Before the new year, I sat down and started to think about what sort of running goals I wanted to have. At the beginning, It wasn’t necessarily a matter of reaching them, it was just the idea of putting down on paper what I *wanted* to achieve. Whether I actually reached those goals was a totally separate matter.
Here’s what I came up with.
10k: sub-42 mins.
5k: sub-20 mins.
I’ve yet to try to figure out why I wanted to reach these goals I was setting for myself. I guess that didn’t really matter to me, but the more I think about it, I suppose it all goes back to the simple premise of what is the mental makeup of a person. Are you an achiever or, for the lack of a better term, a slacker?
There are plenty of times in my life that I have — at one point or another — been considered a slacker. I can still hear the words uttered by many teachers and my parents when it came to school: “you’re a smart kid, you just don’t apply yourself.” Very true. Academic slacker – guilty as charged.

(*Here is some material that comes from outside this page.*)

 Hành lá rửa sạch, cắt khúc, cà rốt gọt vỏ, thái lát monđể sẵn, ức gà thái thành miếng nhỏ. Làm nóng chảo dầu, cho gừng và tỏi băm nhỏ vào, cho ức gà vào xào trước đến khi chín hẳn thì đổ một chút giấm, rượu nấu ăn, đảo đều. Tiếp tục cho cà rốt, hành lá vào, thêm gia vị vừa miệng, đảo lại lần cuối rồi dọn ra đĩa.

But the idea of not “applying myself” never really applied to sports. Competing was always a passion. It helped that I was generally, if I can say this without sounded like a pompous jerk, above average at most sports growing up. But that didn’t mean I didn’t have to work hard at them. If it was something I loved (i.e. not school), I found it easy to want to work hard at it. It was a competitive rush.

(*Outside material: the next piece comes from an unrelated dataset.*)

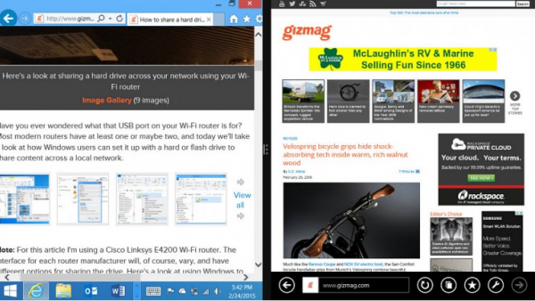 默认情况下,在Windows 8中,Modern应用就以全屏幕显示,用户没有办法来调整应用程序的窗口大小。但现在所有的Modern应用程序都可以调整大小,并可以在传统桌面环境下运行,这缓解了两个环境之间的问题。

Now at 38, the so-called competitive sports I play — hockey and golf — are mostly just leisure activities. When I lace up my skates and play with the over-35 crowd nobody really likes to play against the ultra-competitive guy. He gets annoying pretty quick and usually finds himself dealing with a swift stick to the rib cage. That puts an end to that idea in a hurry. We all have jobs and a family to worry about. It’s just not worth it to go 100 percent on the ice anymore.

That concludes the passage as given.